That post he just made is quite useful to to the crowd of people that may not be familiar with you and your particular flavor of bias.
He knows you. And 5 slashot moderators know you and are willing to spend points to bump this up.
His post was, in short, insightful.
But hey, some people need more help than others,
Feel free to point out the facts I get wrong
CAN DO!
Your overall argument is that the rich aren't all that powerful and the poor have plenty of power. That the poor can get together and give their money to political organizations that run this town.
And that'd be nice, if it were true. But the fact of the matter is that the rich ARE powerful, very powerful, to the point that
Fact: The gini coefficient in the USA is rising. The rich are getting richer, the poor are getting poorer, and the middle class is shrinking.
Political ideologues aren't simply "always going to be around." Some of them are dangerous and need to be guarded against.
Not when they're homeless poor people. The crazy guy ranting on the corner WILL always be there and no, there's no real need to go guard against him. If anything we need to guard against the people trying to censor him.
The guy is harmless, at least on a political scale. He has zero hope of swaying the masses. If he somehow managed to gather a crowd and/or become a cult leader, and people started to listen to him, he'd probably no longer be a poor homeless person. He'd transform into a radio host, a televangelist, a full-blown-locked-in-a-compound cult leader, or worse, a CEO.
When did "the rich" develop a monopoly on TV and radio stations?
Since their inceptions? Only the rich could afford to step into those industries. They were serious money ordeals back in the day. But hey, now anyone with a phone can shoot video. Look at all of those mom&pop TV channels watched by millions! Oh, wait, no, that's Youtube and the Internet.
Well radio broadcasters are cheap! Look at all the... oh wait, the barrier to entry for commercial radio stations is really high just to keep competition out. Well there's always HAM... which is specifically barred from making money from it.
So this one is wrong. You're presuming there was a time that the rich didn't have a monopoly on it. And that isn't true.
Are you confusing "the rich" with corporations?
And this might be the basis of why your worldview is so fucked.
YES. The rich and powerful run the corporations. Literally. The job is titled "CEO". Their boss is supposed to be the shareholders, but it's effectively the board, which is composed of a handful of rich people who are CEOs of their own corporations which have the original CEO on THEIR board.
Is there some group or segment of the population that you think doesn't have at least some radio stations catering to it?

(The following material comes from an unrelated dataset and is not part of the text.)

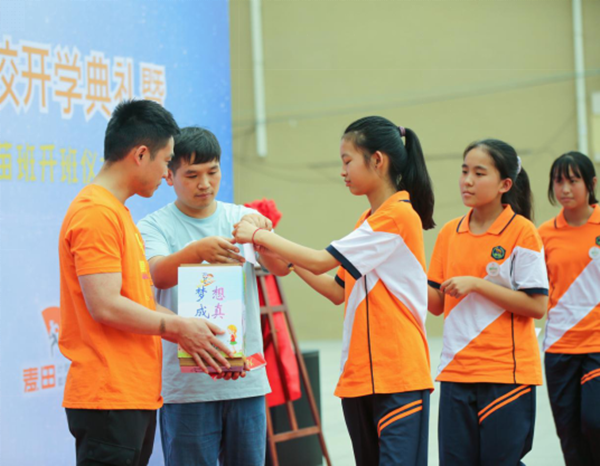 朗诵结束之余,麦苗班学生代表现场发言,向共同为麦苗班付出心力的国祯基金会、麦田教育基金会以及现场的嘉宾、领导表示感谢,并向国祯慈善基金会理事长李泓萱女士赠送了麦苗胸针。
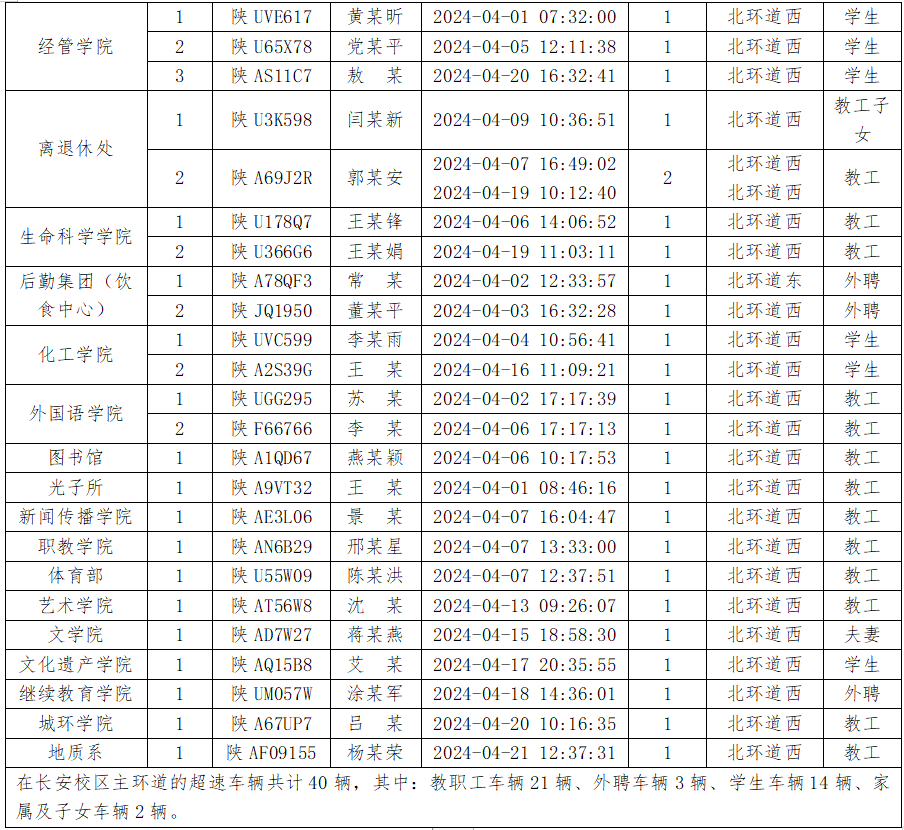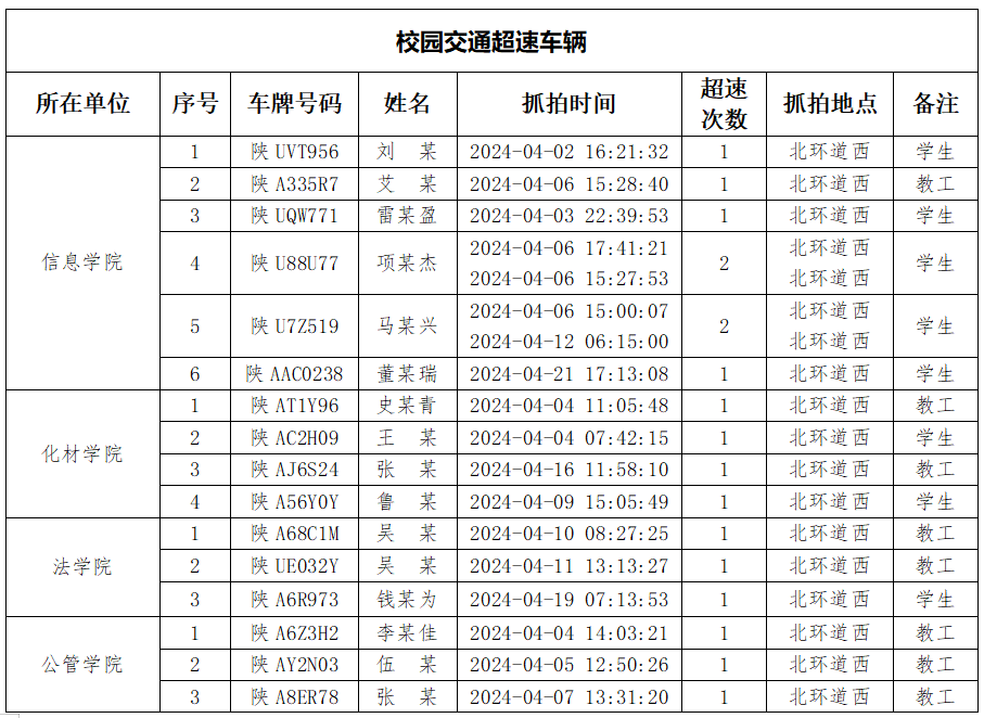 为加强校内道路交通安全管理,规范校内交通秩序,根据《九游会在线登录官网校园道路交通管理办法》有关要求,现将2024年4月校园交通违章车辆予以曝光,4月份教工超速车辆占52%、学生超速车辆占35%、外聘职工及教工家属车辆占12%,请所在单位加强对本单位违章师生员工的教育和管理,对于校内曝光超速的学生车辆将取消下一年度的通行证办理资格。

And this here is some fantastic spin. Here let me point it out for you.
"catering to".
There is some rich individual, running a corporation that controls a chunk of spectrum that caters to rednecks. They pay lip-service to the cultural background of the redneck, play the right music, and run ads that hit the mark, but it is wholly controlled, steered, and profited by soulless corporate goons that don't know the difference between a banjo and a guitar. If you think that a corporation that SELLS to a group is the same thing as the group being politically empowered, then you are monstrously fucked up.
Who are the rich people that you are apparently claiming are "spending billions of dollars in foreign countries to start civil wars"?
Bush. Rumsfeld. Cheney. They spent billions of (someone else's) dollars to destabilize the middle east. The sectarian violence in Iraq during the US occupation killed 100's of thousands.
Arguably (and it's a loose argument), the Iraq war helped push the Arab spring. People were reminded that the old-powers can be overthrown.
Vietnam was quite profitable for a specific subset of Americans.
But I think he was referencing Iraq.
There are poor ideologues just as there are rich ones, don't lose sight of that.
Oh, for sure, but THEY ARE POWERLESS. The traditional fear was that the poor rabble-rousers would get everyone together with pitchforks and storm the castle. There doesn't seem to be much of a worry of that anymore.
The ACLU, EFF, Teamsters, Democrats and Republicans are largely run and funded by rich people that say that poor people have rights too. (and sometimes they act on it as well).